Skip to main content
An experiment is a controlled comparison: a set of tasks, a set of environments, and an optional signal config. Running an experiment produces an iteration — one run for every task × environment pair, executed in parallel.

Setting up an experiment

  1. Create the experiment and give it a name
  2. Attach the tasks to evaluate
  3. Attach the environments to compare
  4. Optionally upload a signal config to extract custom metrics
  5. Trigger an iteration
Experiments live in your product’s Simulation section in the dashboard, and can also be created and run via the API or the CLI:
tpc sim experiment create --name "Onboarding friction" \
  --task-ids task_abc,task_def \
  --env-ids env_123,env_456 \
  --signal-config signals.yaml

# Or build it up incrementally
tpc sim experiment create --name "Onboarding friction"
tpc sim experiment task add exp_789 task_abc
tpc sim experiment env add exp_789 env_123
Triggering an iteration creates one run per task × environment pair. See Runs & iterations for what happens inside each run and what it records.

Iteration results

When every run in an iteration completes, results are generated at the iteration level:
  • Signal aggregates — each signal folded across runs into rates, averages, medians, and distributions, grouped by environment and task
  • Failure clusters — recurring friction patterns identified across failing runs, each with a root cause (what in your product, docs, or infra caused it) and a recommended fix
  • Summary — task-level scores and environment comparisons
Iterations are immutable. Re-running an experiment creates a new numbered iteration rather than overwriting the last one, so improvements stay measurable over time.

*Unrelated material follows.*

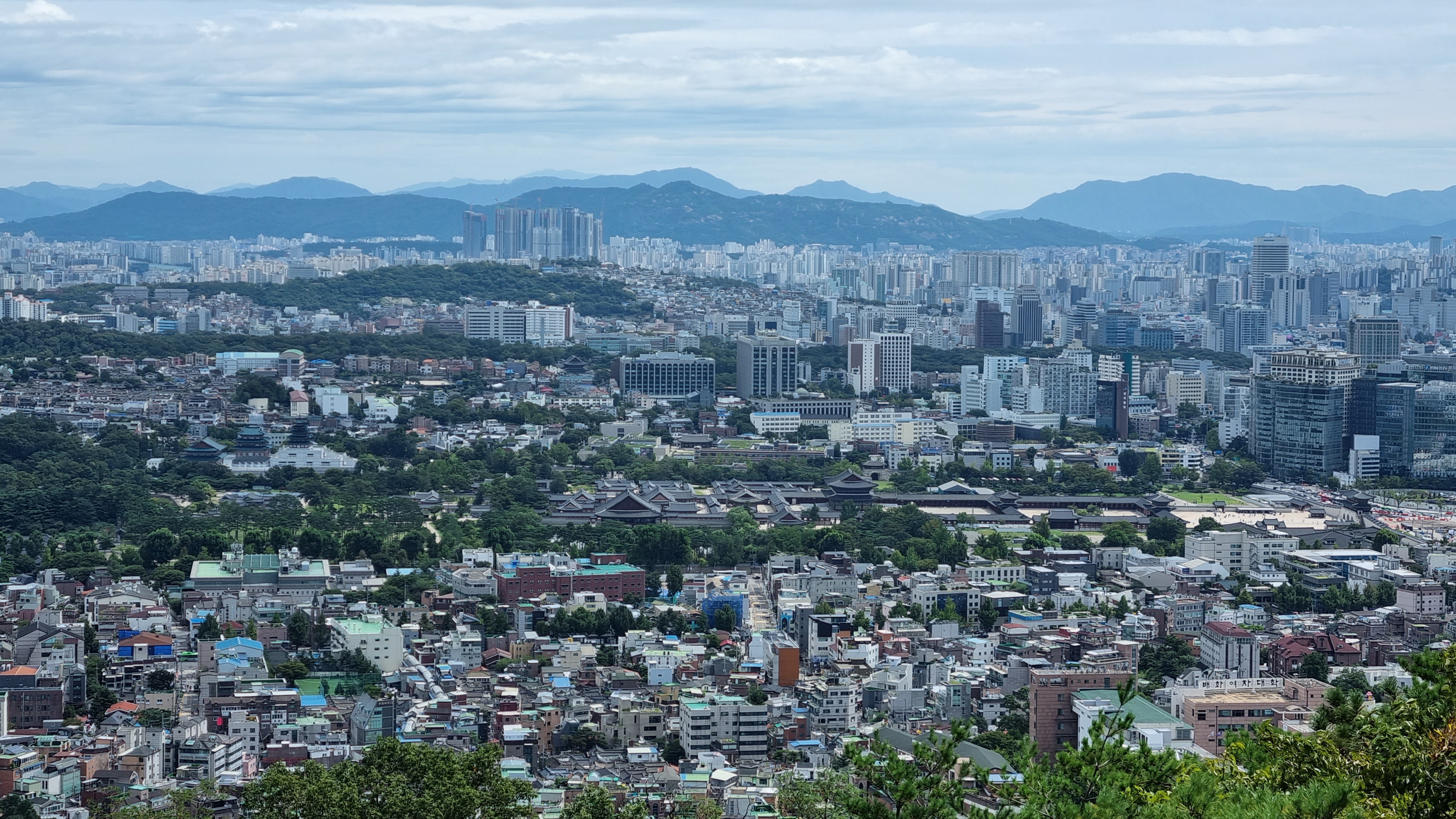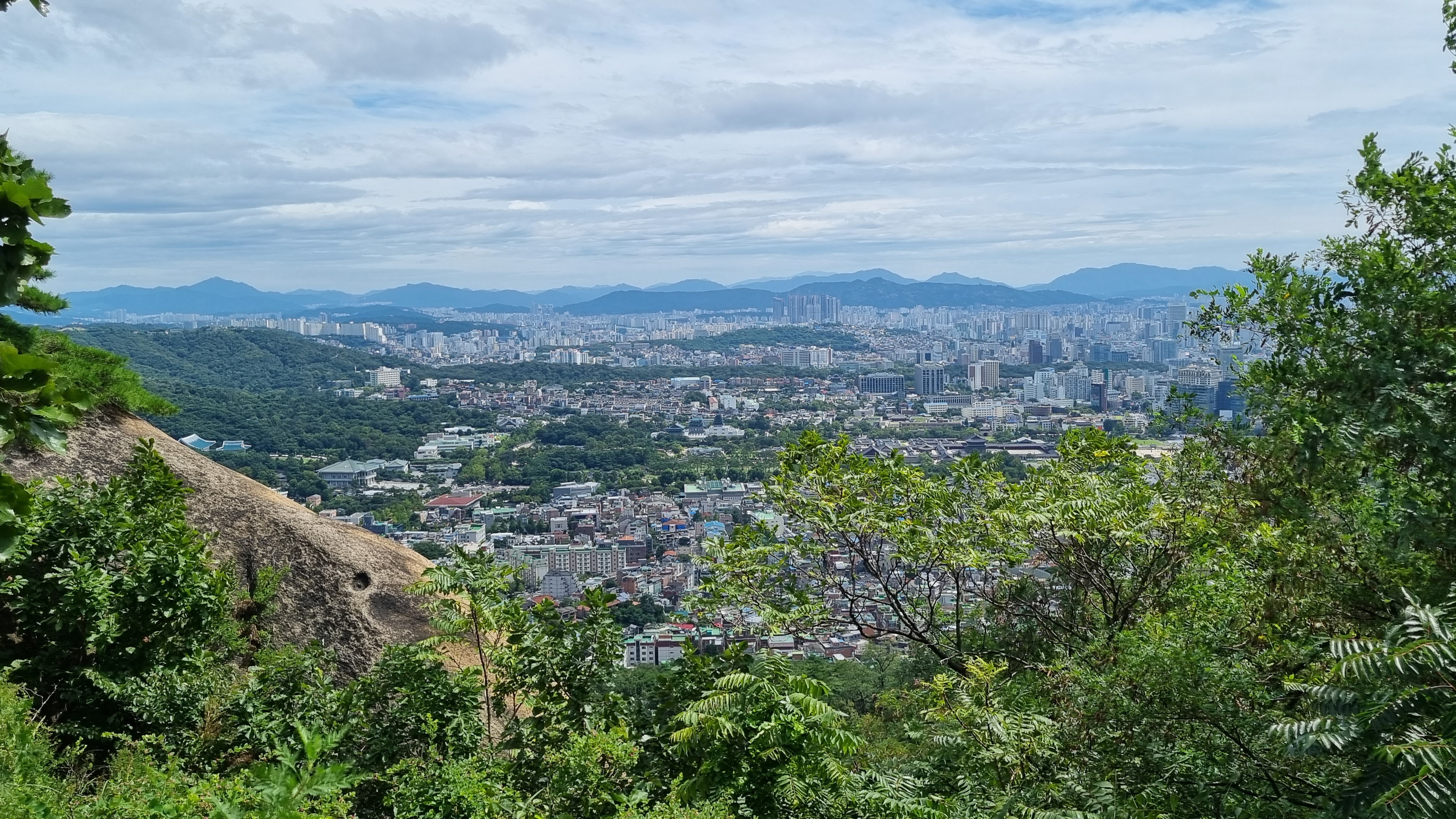 정상에 가까워지니 이제는 종로, 광화문, 남산, 서대문 쪽을 한눈에 볼 수 있음.

Running experiments from the CLI

# Trigger a new iteration (one run per task × environment pair)
tpc sim experiment run exp_789

# Follow progress — --watch polls every 5 seconds until the iteration finishes
tpc sim experiment run status exp_789 --watch

# Read iteration results: summary, task scores, failure clusters, suggestions
tpc sim experiment results exp_789

# Compare against an earlier iteration, or drill into one failure cluster
tpc sim experiment results exp_789 --iteration 2
tpc sim experiment results exp_789 --error-category "Auth failures"

# Signal values, aggregated and per run
tpc sim experiment signals exp_789
Use --format json on any of these to feed results into scripts or CI. To drill into individual runs (tpc sim run get/logs/actions), see Runs & iterations.